A stellar cast of economists examines the roles of creative destruction in addressing today’s most important political and social questions.
Inequality is rising, growth is stagnant while rents accumulate, the environment is suffering, and the COVID-19 pandemic exposed every crack in the systems of global capitalism. How can we restart growth? Can our societies be made fairer? Editors Ufuk Akcigit and John Van Reenen assemble a world-leading group of social scientists and theorists to consider these questions and, in particular, how ideas about the economics of creative destruction may help solve the problems we face.
Most closely associated with Joseph Schumpeter, formalized by Philippe Aghion and Peter Howitt in the 1990s, the idea of innovation as creative destruction has become foundational in economics, reaching into almost every corner of the discipline—both theoretically and empirically. Now, at a time of rapid and disorienting change, is an opportune moment to pull the disparate strands of research together to assess what has been learned and continue an intellectual project that can aid economic decision-making in the decades to come.

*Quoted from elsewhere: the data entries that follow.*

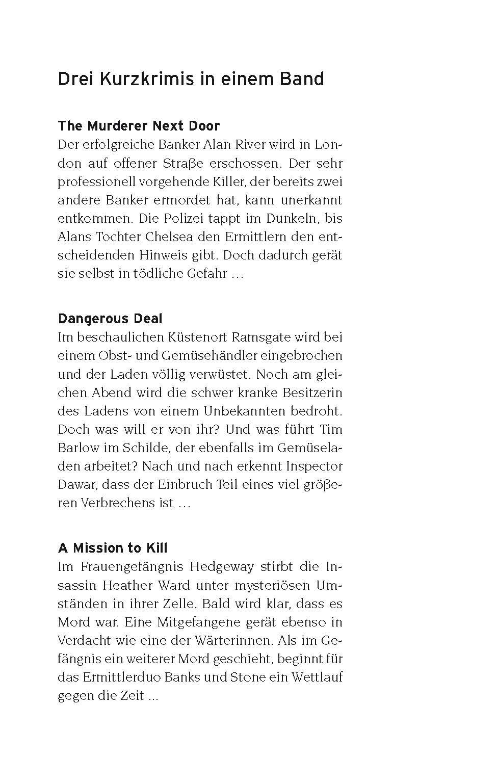 Mehrere Londoner Banker werden von einem professionellen Killer auf offener Straße ermordet, doch die Polizei tappt im Dunkeln. Im beschaulichen Küstenort Ramsgate wird bei einem Obst- und Gemüsehändler eingebrochen zunächst nichts Ungewöhnliches. Doch nach und nach erkennt Inspector Dawar, dass der Einbruch Teil eines viel größeren Verbrechens ist. Eine Insassin des Frauengefängnisses stirbt unter mysteriösen Umständen. Als ein weiterer Mord geschieht, beginnt ein Wettlauf gegen die Zeit.
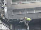 Жінка також розповіла, що це лише термінові роботи, аби ліквідувати небезпеку. А для повної ліквідації наслідків пожежі, за її словами, потрібно щонайменше 4 людини на висоті, і десь 2-3 осіб, які зніматимуть уламки фасаду.
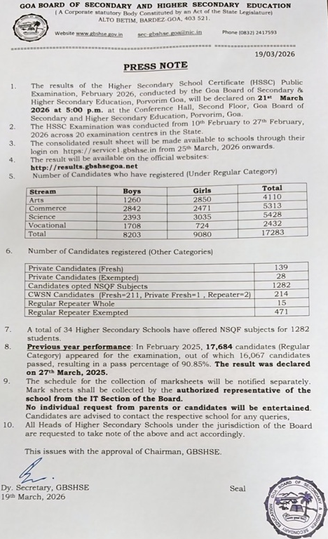 Schools will begin receiving the consolidated result sheets for the Goa HSSC examination starting March 25, 2026, via their service login portal at service1.gbshse.in. The results will be formally announced in the conference hall at the Board's office located in Porvorim.
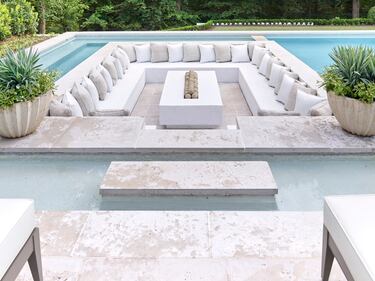2020 Southeastern Designer Showhouse at Villa Flora The private grounds include a new outdoor pool with spa, firepit and grill porch; a flat, turfed rear courtyard; an indoor lap pool; lighted tennis court; and trails punctuated by original sculpture. (David Christensen for Southeastern Designer Showhouse & Gardens)
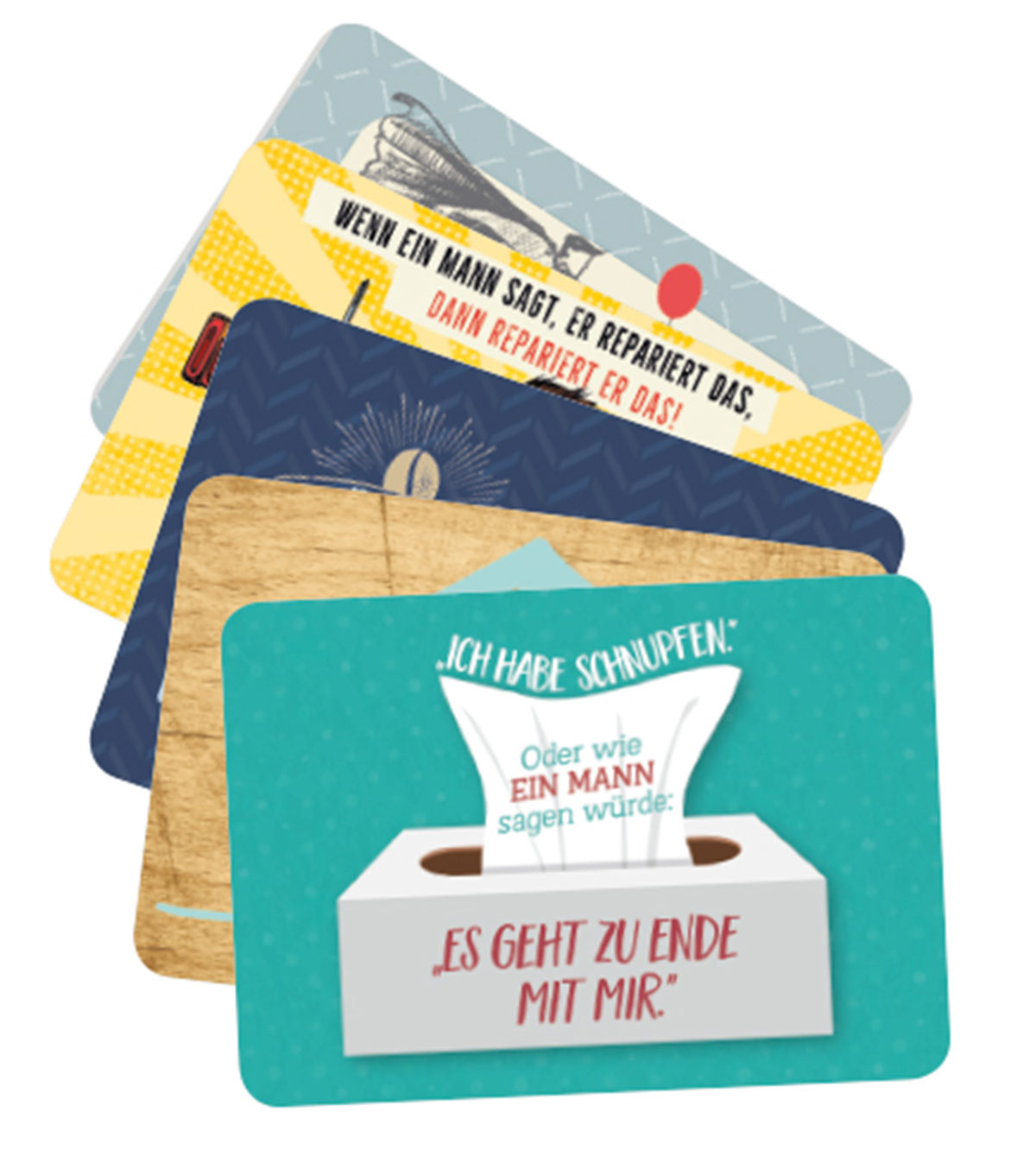 12 grafisch-illustrierte Postkarten mit humorvollen Zitaten und Sinnsprüchen für echte Kerle
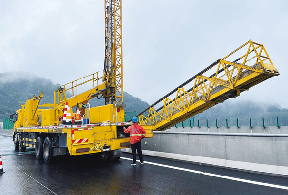 在馬耳山石頭河特大橋上,記者看到作業人員操作橋梁檢測作業車在對橋體做最后的安全檢查。據介紹,該橋全長1521米,是陜西省高速公路首次應用50米箱梁結構的橋梁。目前,橋梁已進入檢測及標識標線施劃階段,為全線順利通車打下堅實基礎。
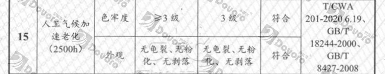 最后一项检测是人工气候加速老化测试,模拟不同的气候条件,测试瓦材的外观是否会有变化。经过测试后色牢度为三级,外观没有发生油漆龟裂、粉化、剥落的情况。
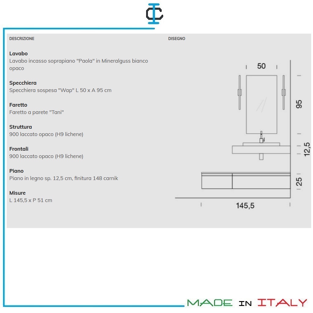 Mobile Bagno con Mensola. Mobile bagno completo di : 1 mensola, 1 Lavabo in mineral, 1 specchio, illuminazione, cassetto. Struttura in pannello idrofugo in classe E1. Design Contemporaneo Misure (cm): L.145 P.51 H.25 + 12 + 95
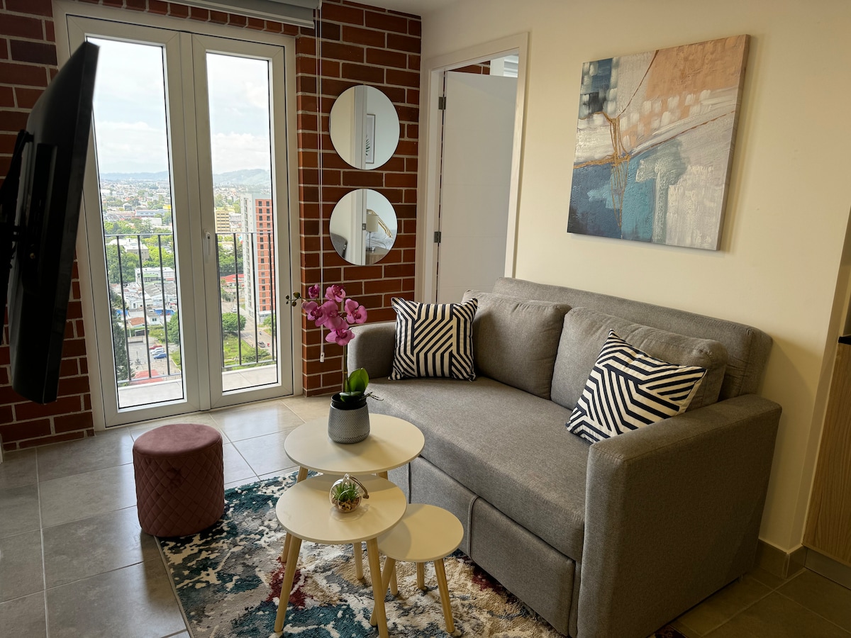 Si vienes por negocio o por placer, estadías largas o cortas, nuestra suite de lujo es el sitio indicado. Con una espectacular terraza privada en lo alto del edificio. Aquí podrás disfrutar del área al aire libre para comer, tomarte un café o un vinito! eso mientras disfrutas de una espectacular vista a la ciudad. Podrás usar el área para “Home Office”, disfruta mientras trabajas!. El apartamento tiene un diseño moderno y funciones inteligentes controladas con el asistente virtual Alexa.
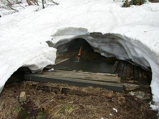 雪は層を成さず、しかし量は格別に少なくなく、おそらくその結果、全層雪崩を起こしそうな割れ目多数。スノーブリッジも、雪の量の割りに落ちるのが早い感じで、乗鞍沢のスノーブリッジが、あと何日持つかといった感じ。ワサビ沢のスノーブリッジも、いつまで持つかわからない感じだった。しかし、温泉は、仙気の湯、薬師の湯、黄金湯、内湯と、既に用意されていた全てに入る。

The cutting-edge work in The Economics of Creative Destruction focuses on innovation and growth. Contributors offer illuminating insights into monopoly and inequality, the nature of the social safety net, climate change, and the ups and downs of regulation. Collectively, they suggest that governance has a role to play in capitalism, maximizing its benefits and minimizing its risks.
Research and development ‘is by nature both creative and destructive’, write economists Ufuk Akcigit and John Van Reenen. Their edited collection is a response to this juxtaposition…Impressive.

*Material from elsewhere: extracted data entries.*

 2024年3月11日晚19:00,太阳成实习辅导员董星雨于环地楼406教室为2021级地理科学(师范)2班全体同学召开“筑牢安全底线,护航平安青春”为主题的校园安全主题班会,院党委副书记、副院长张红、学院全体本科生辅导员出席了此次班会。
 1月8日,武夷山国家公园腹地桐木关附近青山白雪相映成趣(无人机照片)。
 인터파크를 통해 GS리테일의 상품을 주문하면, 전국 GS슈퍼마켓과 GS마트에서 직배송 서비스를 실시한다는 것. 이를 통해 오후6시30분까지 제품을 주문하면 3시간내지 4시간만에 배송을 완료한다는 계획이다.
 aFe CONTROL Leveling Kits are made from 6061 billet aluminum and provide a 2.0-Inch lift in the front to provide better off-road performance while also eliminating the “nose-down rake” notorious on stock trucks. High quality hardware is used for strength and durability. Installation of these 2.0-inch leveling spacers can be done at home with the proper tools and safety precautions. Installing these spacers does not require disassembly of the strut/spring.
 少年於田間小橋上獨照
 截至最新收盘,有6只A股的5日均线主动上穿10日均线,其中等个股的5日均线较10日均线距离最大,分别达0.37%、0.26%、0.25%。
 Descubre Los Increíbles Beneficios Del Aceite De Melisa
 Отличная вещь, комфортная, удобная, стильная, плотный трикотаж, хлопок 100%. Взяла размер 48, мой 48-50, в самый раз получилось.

Thirty years ago, Philippe Aghion and Peter Howitt wrote their seminal article on the theory of creative destruction, one of the most cited papers in modern economics. This exciting collection shows the power of the creative destruction concept in unifying microeconomics and macroeconomics. Authors explore the relation between innovation and competition, the effects of globalization and trade, the impact of creative destruction on inequality and displaced workers, the sources of declining productivity growth, the challenges of climate change and the green transition, and much more.

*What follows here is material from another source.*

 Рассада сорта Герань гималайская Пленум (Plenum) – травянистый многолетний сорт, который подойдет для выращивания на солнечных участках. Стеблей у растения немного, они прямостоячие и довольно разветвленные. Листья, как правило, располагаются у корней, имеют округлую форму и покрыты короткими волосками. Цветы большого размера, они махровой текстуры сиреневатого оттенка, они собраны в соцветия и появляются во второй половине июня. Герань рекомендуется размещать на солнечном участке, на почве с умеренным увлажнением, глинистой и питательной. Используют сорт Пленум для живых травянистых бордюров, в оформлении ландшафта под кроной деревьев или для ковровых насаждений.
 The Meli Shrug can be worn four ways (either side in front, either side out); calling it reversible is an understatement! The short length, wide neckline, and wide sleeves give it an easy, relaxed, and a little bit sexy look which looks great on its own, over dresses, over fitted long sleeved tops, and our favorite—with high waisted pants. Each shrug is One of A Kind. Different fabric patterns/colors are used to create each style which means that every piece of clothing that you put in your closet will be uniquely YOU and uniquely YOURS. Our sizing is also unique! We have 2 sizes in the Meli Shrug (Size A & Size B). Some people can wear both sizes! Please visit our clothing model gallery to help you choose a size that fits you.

These contributions to the study of economic growth by leading experts in the field highlight the major advances of the last three decades. This book will be an invaluable reference for researchers interested in this exciting area.
One could not imagine a better tribute to Aghion and Howitt than this impressive set of papers by renowned scholars. It builds on their creative destruction framework and sheds further light on the underpinnings and implications of growth and innovation.